Having staff members present at product tests can help. But it is important to send employees with the appropriate qualifications and seniority to be able to question the process and the results.
Take the Proactive Road
If you think a supplier may be defrauding your business or you simply want to stay on top of the quality of the parts you receive, your concern can adopt all or any of the following proactive measures to help combat product-substitution fraud:
Throw in some random inspections: If your company invests the time to conduct routine inspections, adding a few unannounced checks can reap significant benefits. As with most types of fraud, the “perception of detection” can dramatically reduce the probability the fraud will occur. If subcontractors know your enterprise conducts unannounced inspections, they may be much more reluctant to substitute substandard products.
Have a disinterested party review tests and replicate results: In order to confirm that your supplier is conducting the appropriate product testing, allow a specialist to conduct an independent review. This will not only send a strong message of the importance your organization places on quality, but it will also provide crucial documentation in the event your firm takes a supplier to court.
Add an audit clause to contracts: Put a “right to audit clause” in all supplier agreements. Refusing to comply with the clause and denying access to records doesn’t mean a supplier is substituting materials. But it is an action that should be considered in the context of all available information regarding that supplier’s conduct. If you suspect misconduct, consult your firm’s attorney before making any allegations.
Make suppliers sign a code of conduct: Regardless of the size or type of supplier, the code of conduct should include explicit examples of what your business considers violations. If product substitution is your organization’s concern, the code of conduct should reflect that and spell out the expectation that suppliers comply with your business’s standards. The code should also include information on your company’s fraud hotline and suggestions on when to use it.
Keep tabs on your suppliers: Your enterprise’s suppliers likely face pressures, just as your own business does. To be fully informed on what might affect suppliers’ behavior, keep track of who owns them, their office addresses and any pending litigation as well as their overall financial performance.
The Internet contains a number of sources to track news stories involving your suppliers and their owners. Depending on the size and importance of the supplier, you may consider engaging your accountant or lawyer to conduct a comprehensive background check.
Aircraft Parts Suppliers Plead Guilty, Sentenced in Procurement Fraud
Two Florida residents were convicted after pleading guilty to participating in a massive procurement scheme to defraud the U.S. Air Force and commercial aviation sector.
The convictions were part of Operation Wingspan, a two-year Justice Department investigation into the manufacture and sale of counterfeit military and commercial airplane parts. That probe uncovered losses estimated at more than $5 million.
The Details: Mariella Bianchi, owner of Airborne Group in Miami, and Juan Beltran, director of military sales at the military and commercial aircraft parts company, hired unauthorized manufacturers to make parts under contracts with the Air Force. That violated contract specifications that required either new surplus parts or parts manufactured by Boeing or other approved sources.

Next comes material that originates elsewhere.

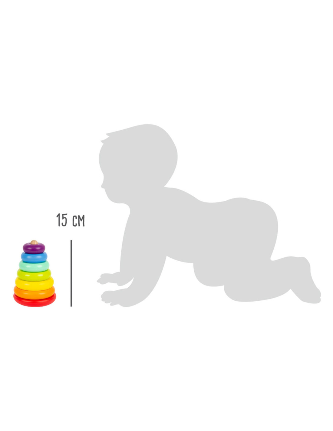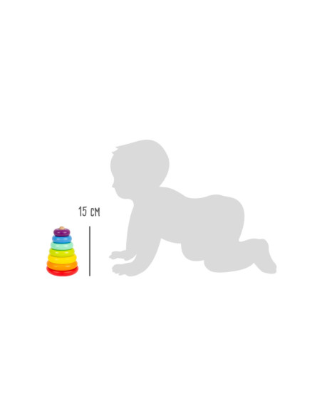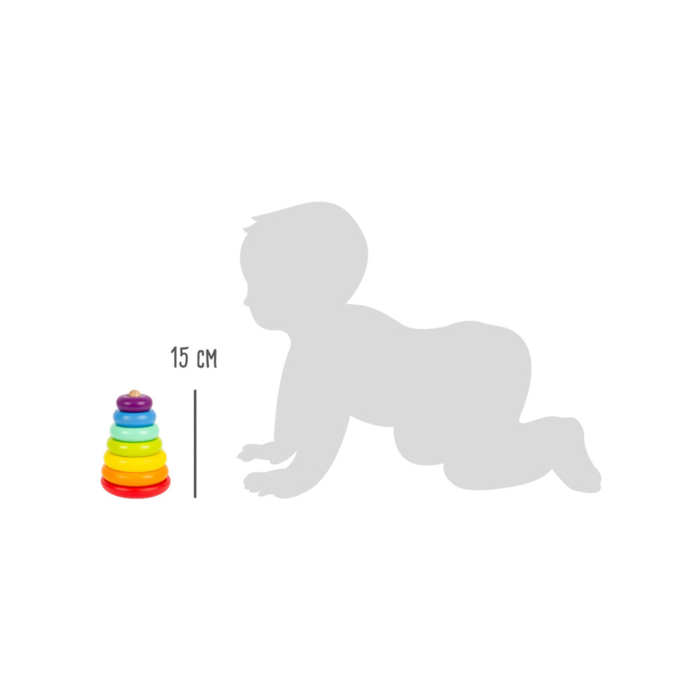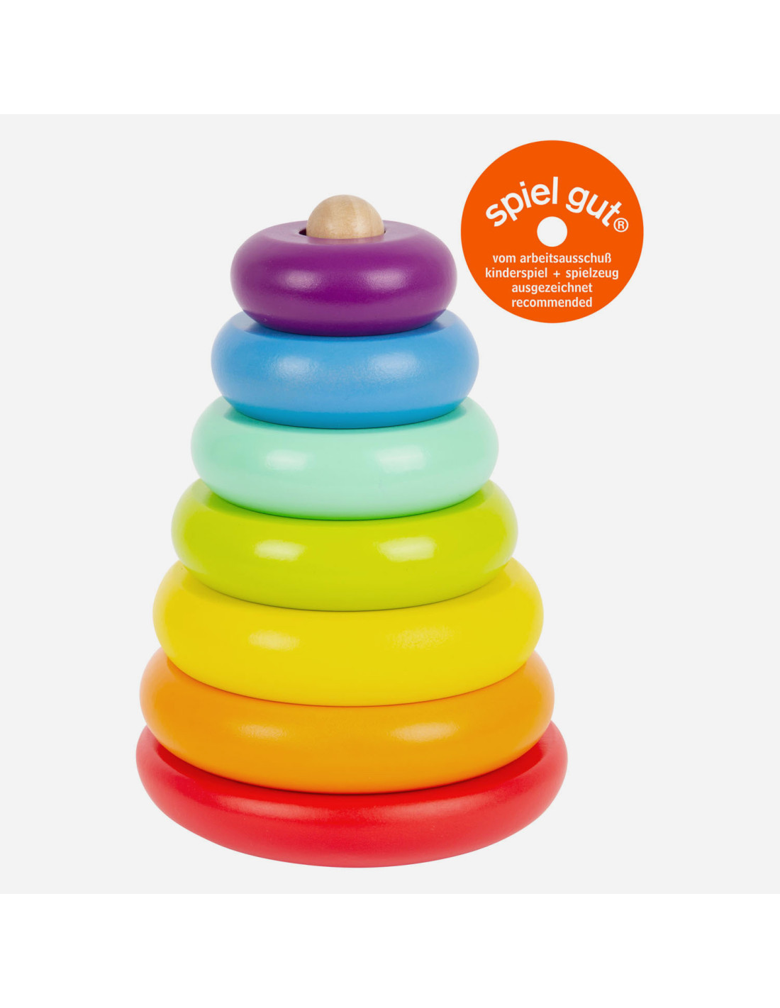 Kindvriendelijke stapelspellen van robuust hout garanderen langdurig speelplezier. De kleintjes zullen zich niet snel vervelen! De regenboogkleuren van deze klassieke motoractiviteit zorgen voor een moderne uitstraling. De stapeltoren is 15 x 10 cm groot en geschikt voor kinderen vanaf 12 maanden oud.
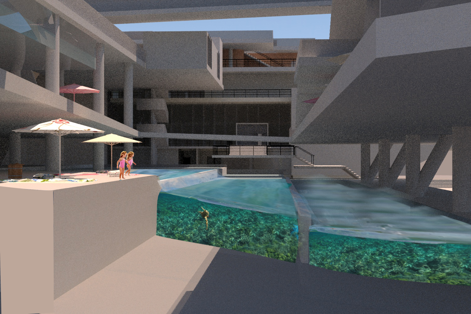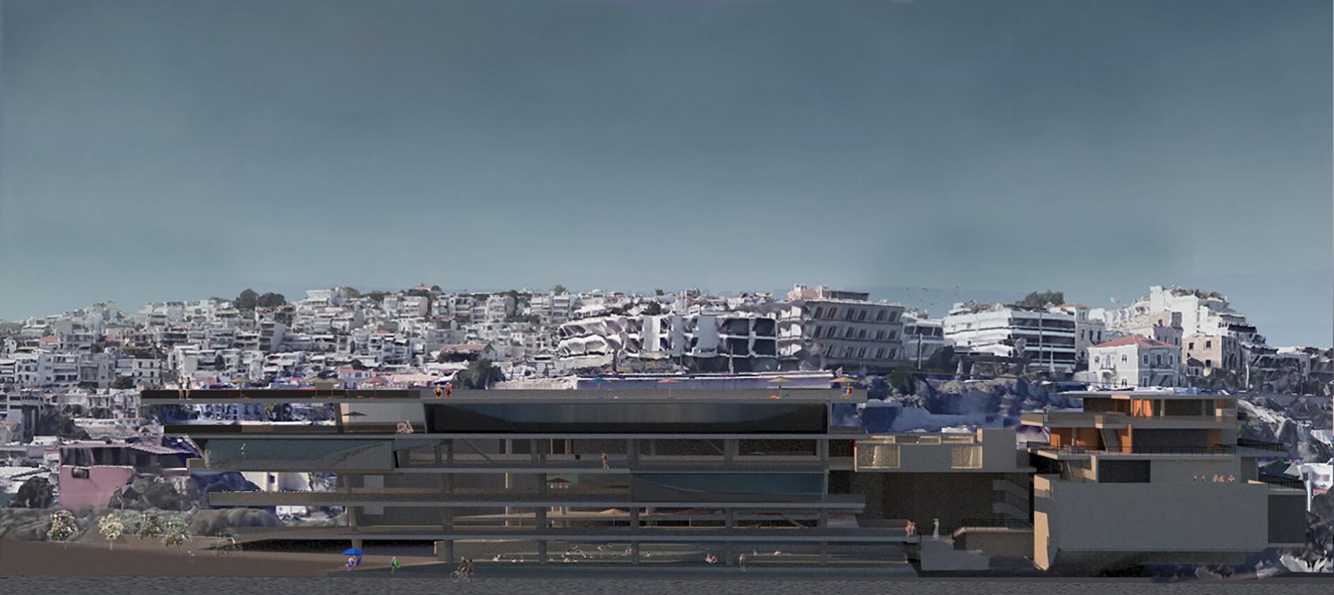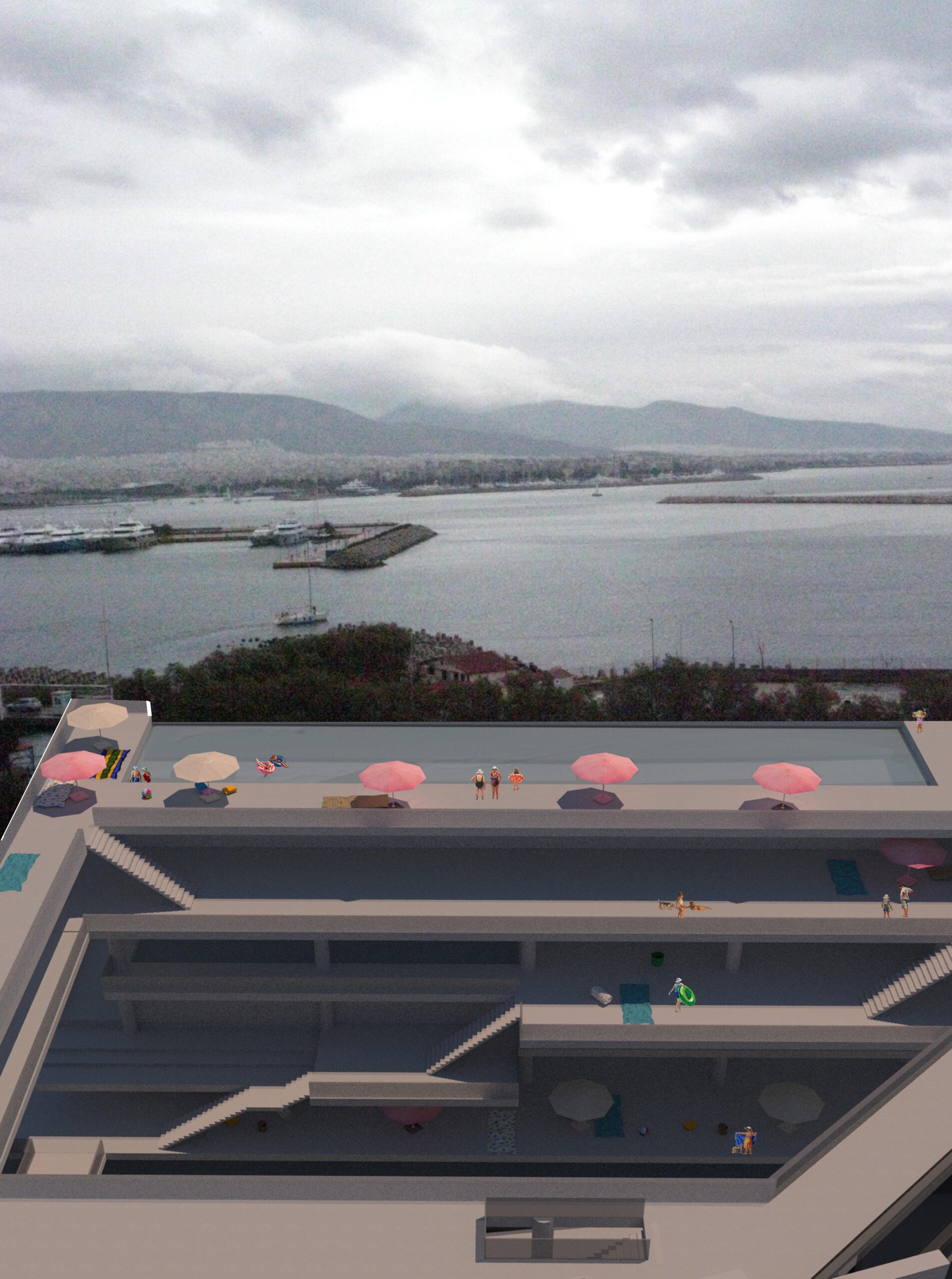 On the foot hills of Kastella, (which is an area o Piraeus, above Mikrolimano) there was an effort to design swimming pools. Seawater pools on various levels, which create a public move from Kastella to Mikrolimano and vice versa. The construction consists of two bars with a gap between them, which on the ground floor, connected with a large sea-water pool, allowing a view of sea scenes either from Kastella or Mikrolimano. From Kastella to the sea one can enjoy scenes from a seaside that does not the coast can be offered at this particular location Pools with pured seawater, umbrellas, coffee shops, cinemas make up this artificial beach. On this beach the visitor uses it, exploits the space as he believes. This gives a sense of freedom that would also give the void of the natural coast. Walking in Mikrolimano and observing the make-up, there are several scenes that you can see on a beach in front of you. The slide from the pools intensifies the extrovert, making the presence of bodies in the area strong.

Bianchi and Beltran would sell and ship those counterfeit parts to the Air Force and others in the commercial aviation industry, creating false documents to misrepresent the origin and authenticity of the parts.
The pair was sentenced to 30 months in prison, three years supervised release and ordered to pay more than $1.9 million in restitution.
Four other Miami men were also charged in connection with the conspiracy and convicted on charges involving false paperwork and certifying the airworthiness of counterfeit parts.